# FOR YOU AF GUYS



## cole226 (Feb 8, 2013)

Might want to check out this auction. Check the whole listing, they're scattered thru it.

Might be something _you have to have!_

https://www.liveauctioneers.com/catalog/159049_winter-antique-auction/


----------



## Fire21 (Mar 9, 2014)

Oh, I thought maybe this was some news for us former Air Force people...hwell: :laugh:


----------



## kvlazer22 (Jan 27, 2020)

cole226 said:


> Might want to check out this auction. Check the whole listing, they're scattered thru it.
> 
> Might be something _you have to have!_
> 
> https://www.liveauctioneers.com/catalog/159049_winter-antique-auction/


Thanks for the recommendation, I was able to slam the hammer on a 336!


----------



## mopac (Feb 24, 2011)

Congrats on adding a 336 to the collection. I have one and love it.

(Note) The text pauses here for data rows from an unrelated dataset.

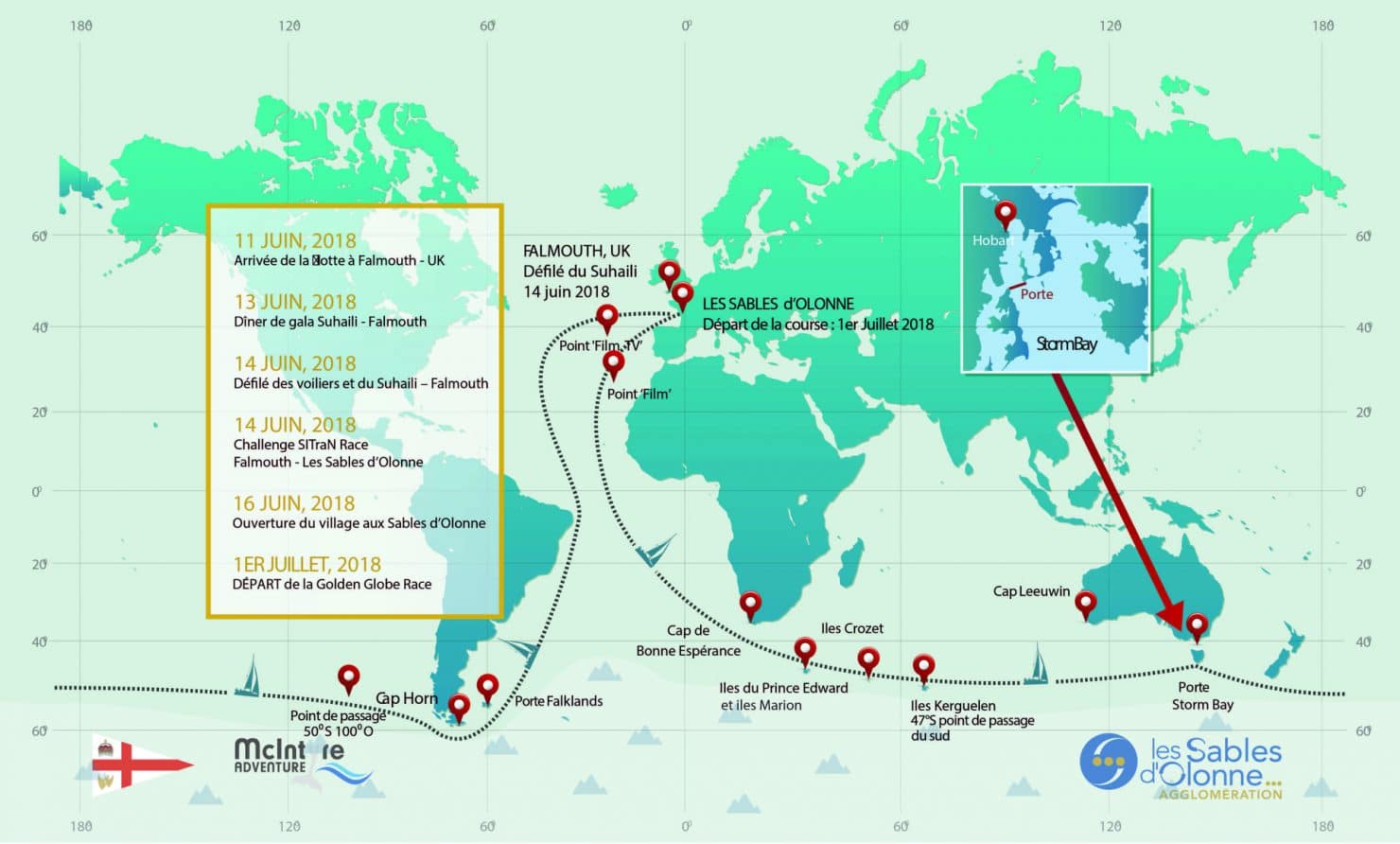 Le premier port d’escale pour les 20 participants sera Falmouth, Royaume Uni, entre le 11 et le 14 juin 2018, pour la “ Suhaili 50 Falmouth Parade of Sail ” célébrant le 50e anniversaire du départ de Sir Robin Knox-Johnston en 1968 au départ du Sunday Times Golden Globe.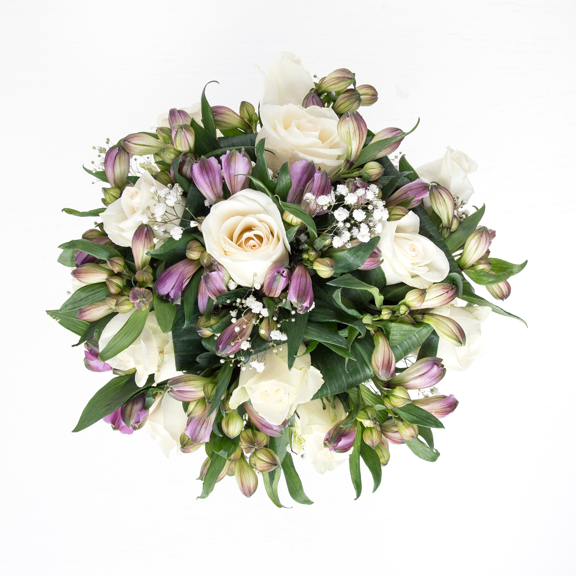 Purity and simplicity is the best description for this hand-tied. Cream ivory roses and royal purple alstroemeria, accompanied with white gypsophila and aspidistra leaves will express your deep honour and sorrow.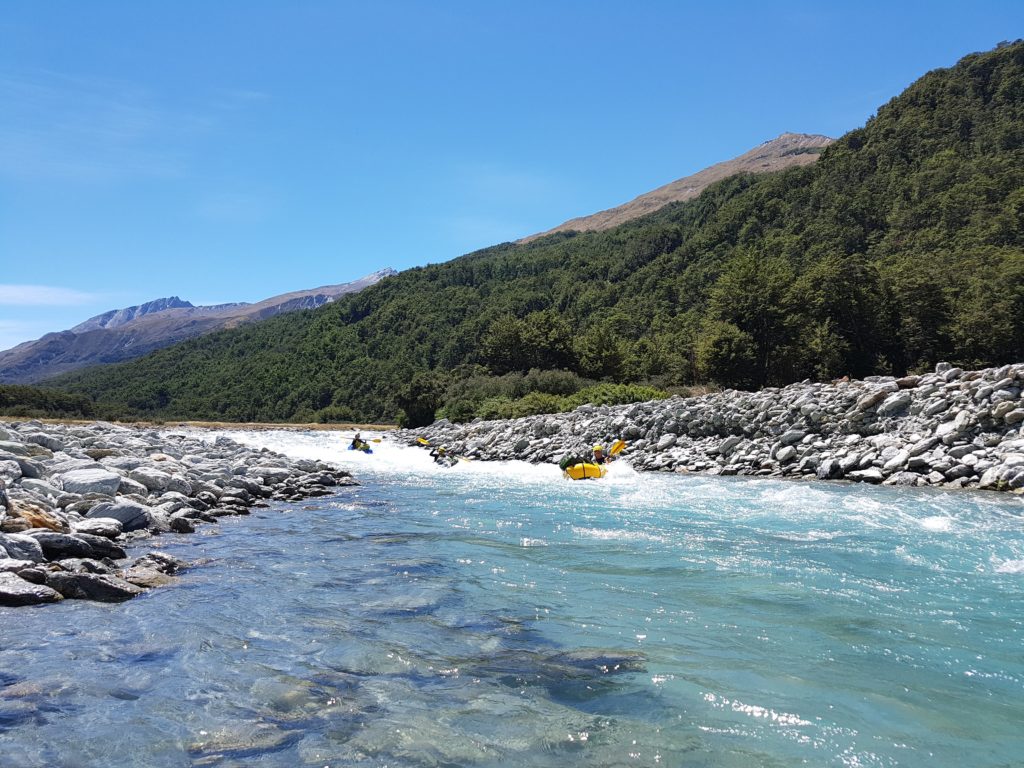 From the Muddy Creek car park, head into the Rees Valley, where you’ll meet Muddy Creek. From there you can either walk straight down the creek to the Rees, or carry on walking easily along the dirt road for 5-10 mins until the road hits the valley floor and put in a short float upstream of the first rapids.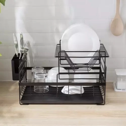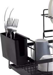 Součástí je odnímatelný košík na příbory se dvěma oddělenými komorami pro přehlednou organizaci a snadno omyvatelný odkapávací tác, který zachytí vodu a udrží kuchyňskou linku v suchu. Univerzální černé provedení a čisté linie v loft stylu perfektně zapadnou do moderní i klasické kuchyně.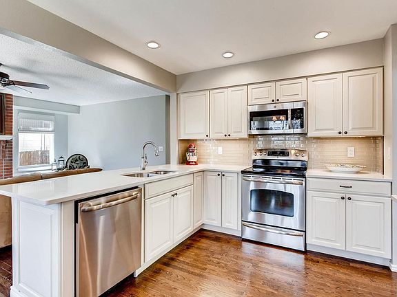From the moment you walk in the front door, this house feels like home. Stained oak floors go throughout the main floor, including a very recently remodeled kitchen with quartz counters and stainless appliances, open to a family room with a gas log fireplace. The large, updated windows let plenty of light in. Upstairs holds 3 bedrooms, including the master suite with mountain views. The finished basement adds a warm living space perfect for watching movies or a game, and a bedroom and 3/4 bath that guests will love. There's a beautiful flagstone patio in the backyard for grilling and relaxing. Location is a huge plus, steps away from The Ridge at West Meadows Park with tennis courts, playground. a basketball court and a mile-long path around Hine Lake for running or walking. Walk to all schools -- elementary, middle and high schools -- without crossing a busy street.
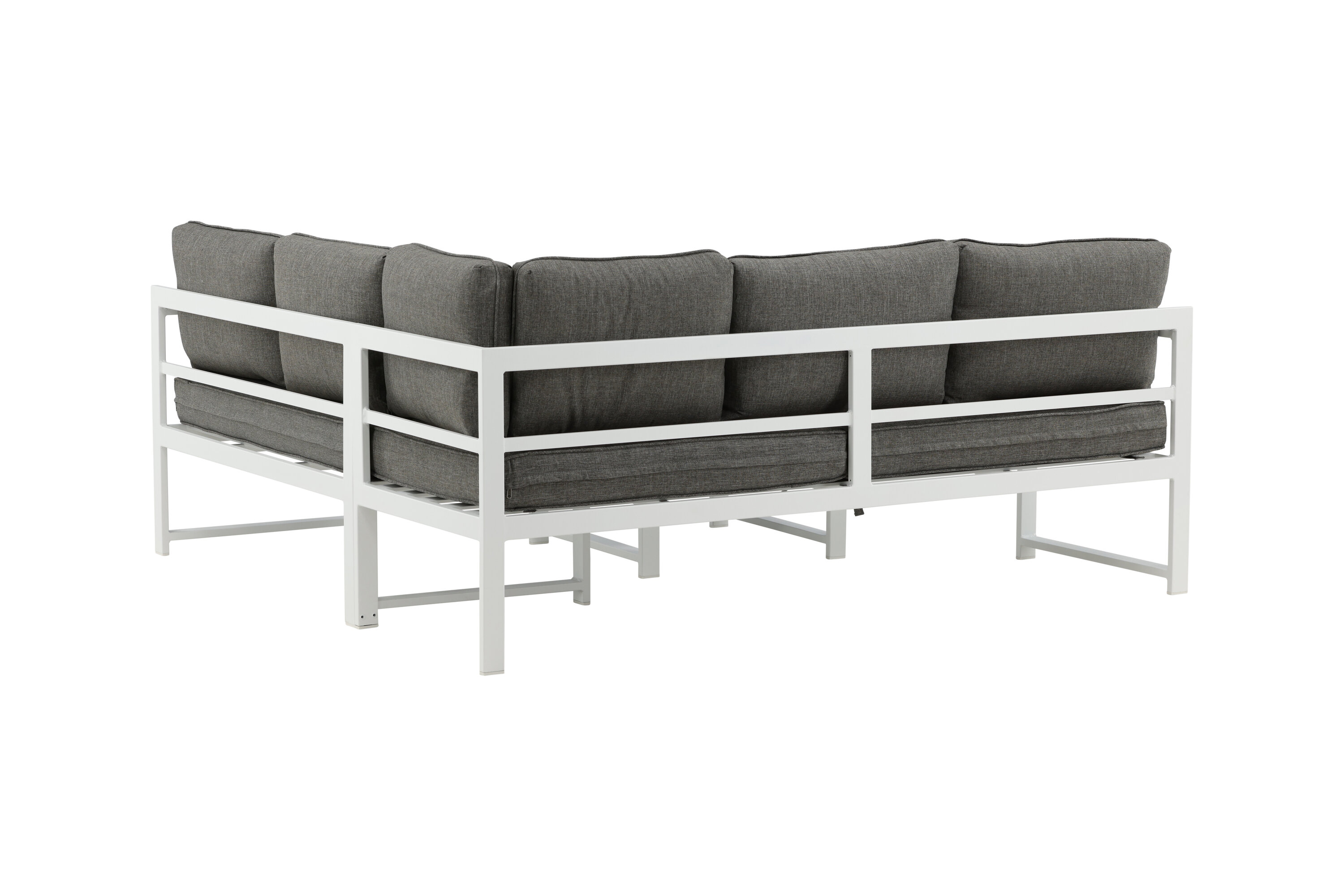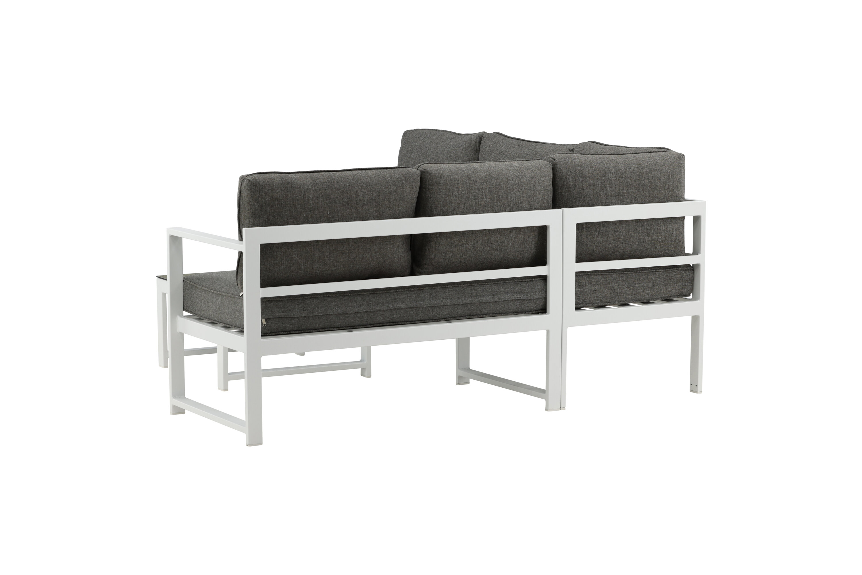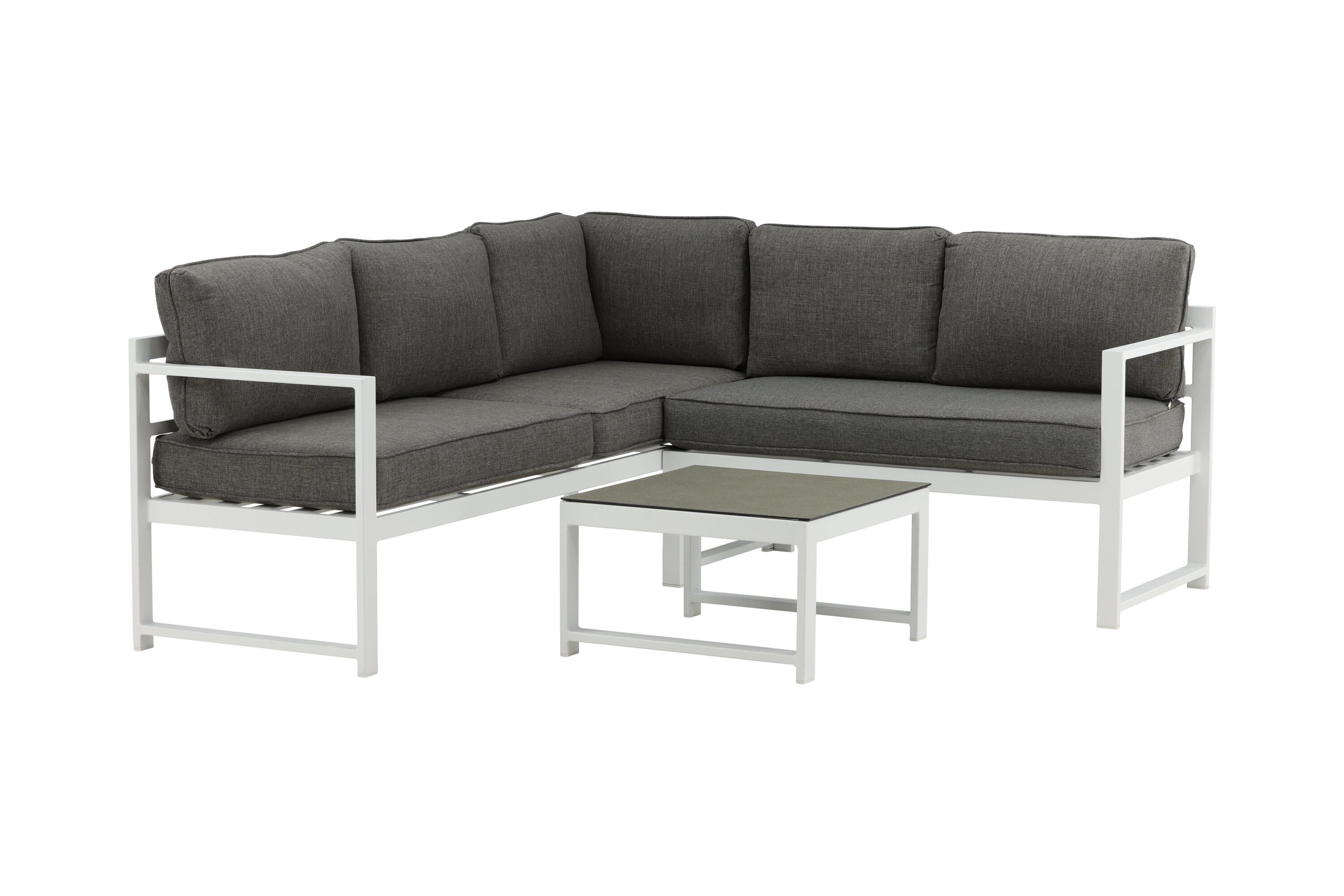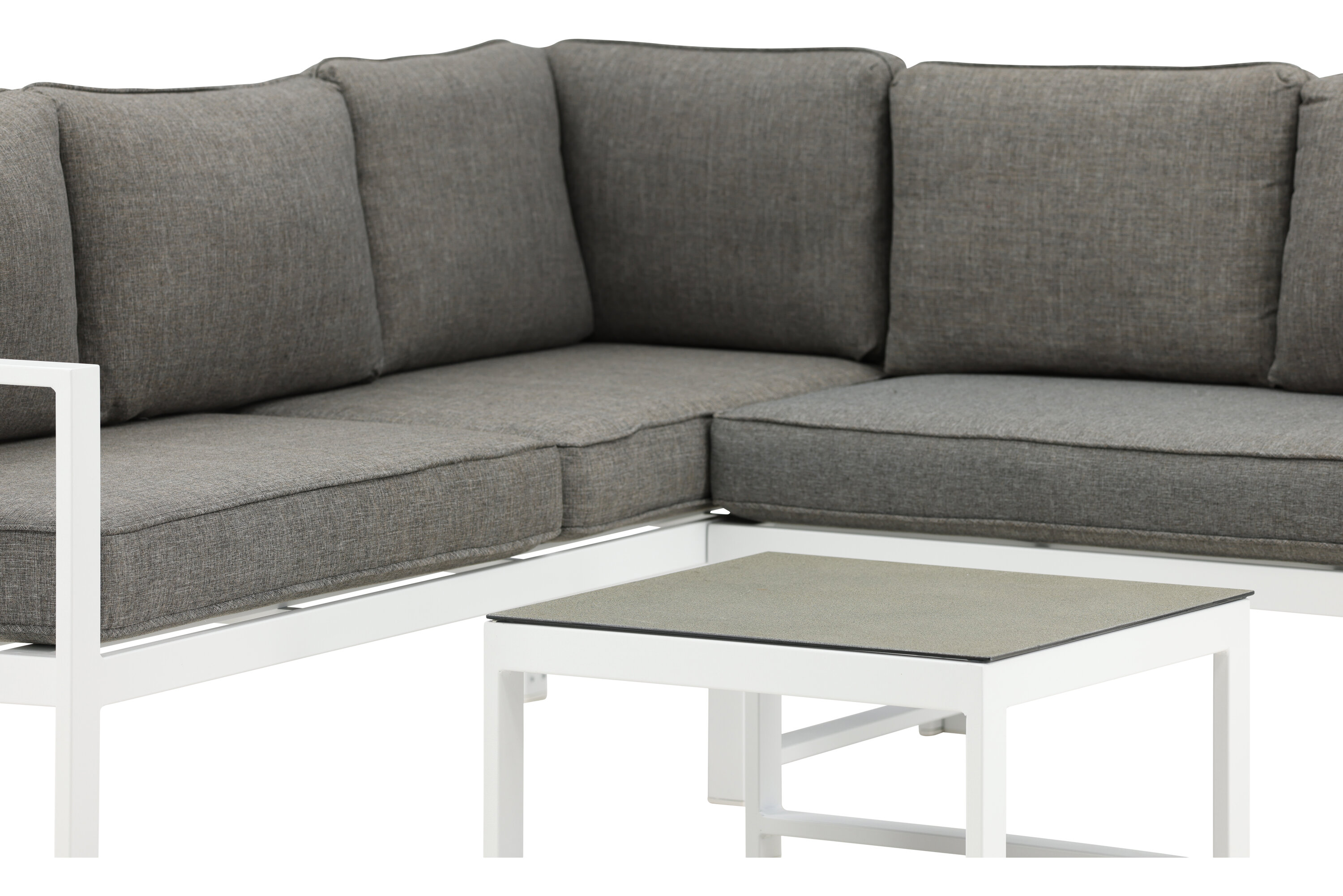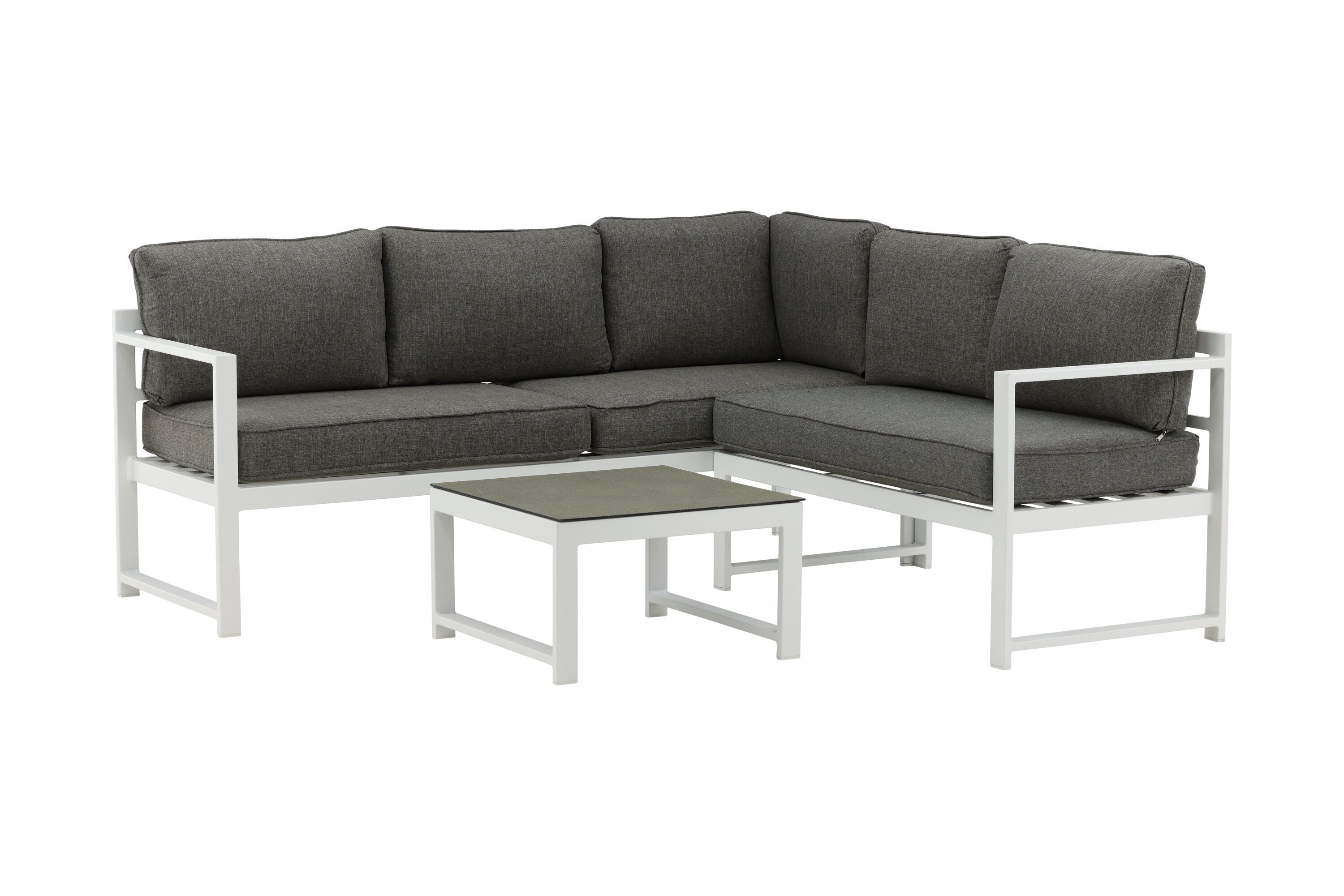 Modern stylish sofa group with a corner sofa for the patio or balcony. Made of white powder coated metal frame with integrated armrests. Including soft gray cushions and a low coffee table in glass with a spruce speech. Lighter assembly is required.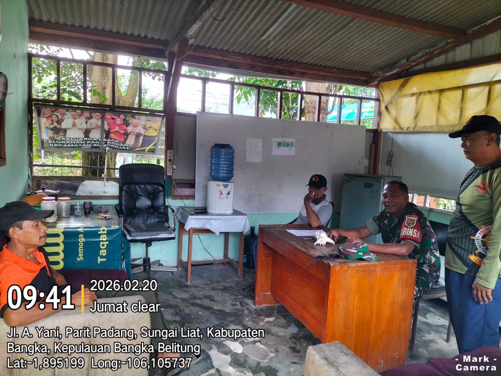 Sungailiat, kejarberitanews.com – Babinsa Koramil 413-01/Sungailiat, Serka Mukra, terus aktif melaksanakan kegiatan Komsos di wilayah binaannya. Kali ini, koordinasi dilakukan bersama Kepala Lingkungan dan anggota Linmas di Kantor Lurah Parit Padang, Kecamatan Sungailiat, Jumat (20/02/2026).

Feel free to post pics of it.


----------



## AmFlyer (Mar 16, 2012)

336, a great engine to have!


----------



## cole226 (Feb 8, 2013)

kvlazer22 said:


> Thanks for the recommendation, I was able to slam the hammer on a 336!


Good for you.

I thought they had quite abit of Flyer stuff somebody might have been interested in.

Glad it worked out for u.


----------



## AmFlyerFan (Jan 27, 2019)

I looked at that auction site. Lot's of stuff, but with a 24% buyers premium, no real deals.
I'll keep looking for that needle in a haystack.


----------



## AFGP9 (Apr 8, 2015)

That's a pretty stiff buyers premium. 10-15% maybe. I think this buyer/seller premium bit has gotten out of hand. I have never agreed with the whole concept in the first place. The auction house charges the seller a percentage, usually 25%, of gross then adds the premium charge too. I have a auctioneer friend who charges 10% seller and buyer premium plus the 25% of gross sales. 

Kenny


----------



## flyernut (Oct 31, 2010)

Premiums are terrible.. The auction site/company gets paid both front and back. There's a sellers fee and a buyers fee. Hate to tell you what those car auction site get, like Mecum and Barrat-Jackson.


----------



## AmFlyerFan (Jan 27, 2019)

Like flyernut said; premiums are terrible for a lot of things.
A lot of people will pay though, just not me.
I do like looking through haystacks.


----------